The question caught me by surprise.

While attending a large national cancer meeting, I was having brunch with a friend, a colleague with whom I used to work when I was doing laboratory research, someone whom I hadn’t seen in a long time. She and her husband had brought along two of their oldest and dearest friends, whom they had known for decades, as well as another of my former coworkers from my old lab. We were idly chatting away and eating, when one of the occupational hazards of being a doctor presented itself. Tthe conversation drifted to medical topics. And then it came.

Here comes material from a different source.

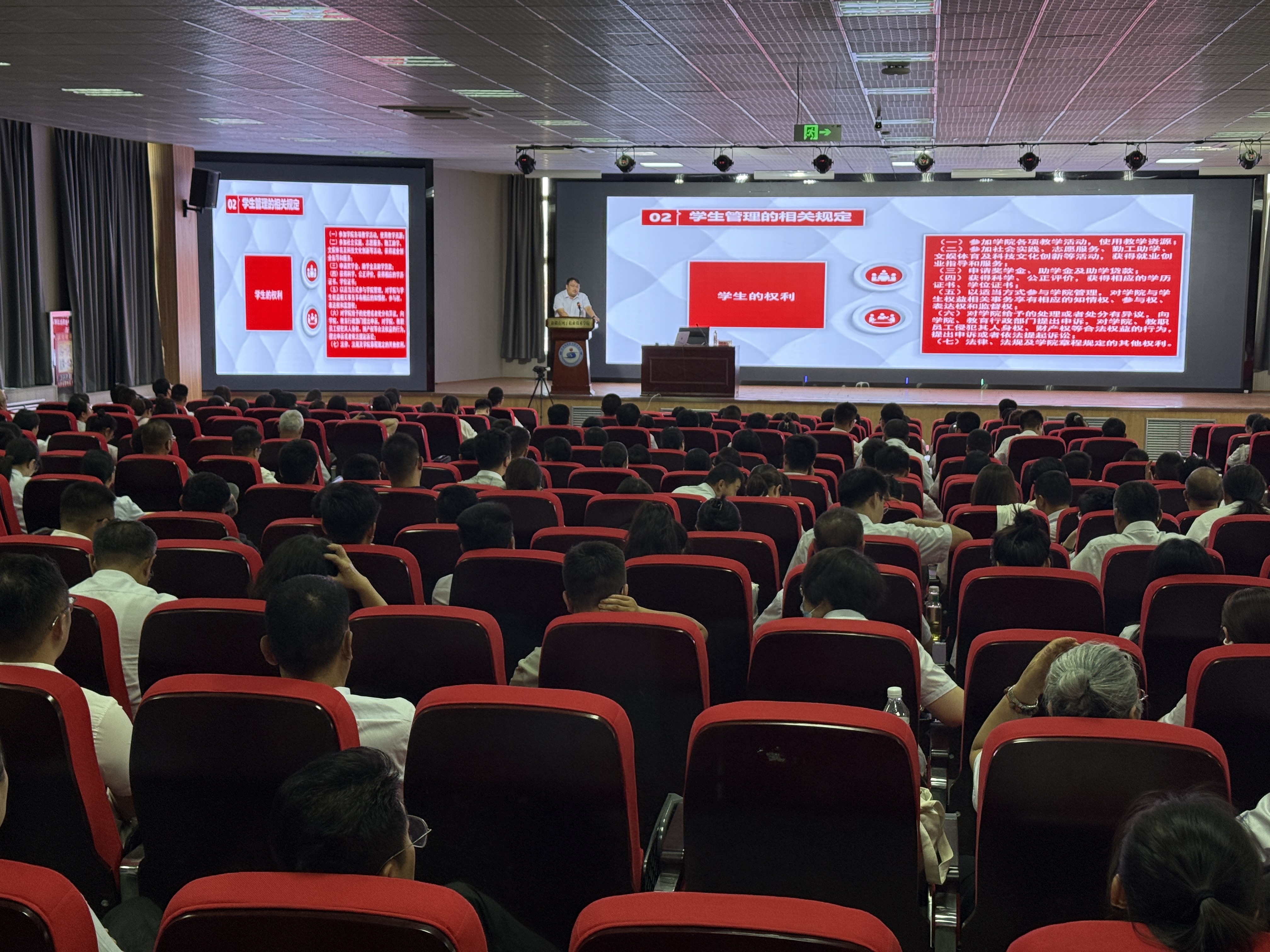 此次培训紧密结合学院实际情况,分三阶段有序开展,分别为全体教师集中培训、实验实训室仪器设备使用培训及进企业实践。集中培训紧扣教育教学实际需求,内容精准聚焦核心能力建设,设置了“师德师风培训”“强化网络安全意识筑牢网络安全防线”“公开课展示:《直播电商——数字人直播》”“学生管理”“校园法治安全培训”“职业本科的管理转型”“人工智能在教育教学中的应用”等专题。培训内容兼具前沿性与实用性,现场学习氛围十分浓厚。

“What do you think of Dr. Gonzalez?”

Ah, hell.

Blindsided again! Why hadn’t I seen that one coming? As a doctor, I find that these sorts of questions hit me when I least expect them. I was half-tempted to play dumb and pretend that I didn’t know who Dr. Gonzalez is, but decided against that approach. It doesn’t work anyway. I knew feigning ignorance would only result in her telling me who Dr. Gonzalez is in excruciating detail. Instead, I asked a single question to make sure we were both on the same page and talking about the same Dr. Gonzalez, “Do you mean the Dr. Gonzalez in New York City, the one who uses ‘detoxification,’ diet, and enemas to treat cancer?”

“Yes, that’s him,” she replied.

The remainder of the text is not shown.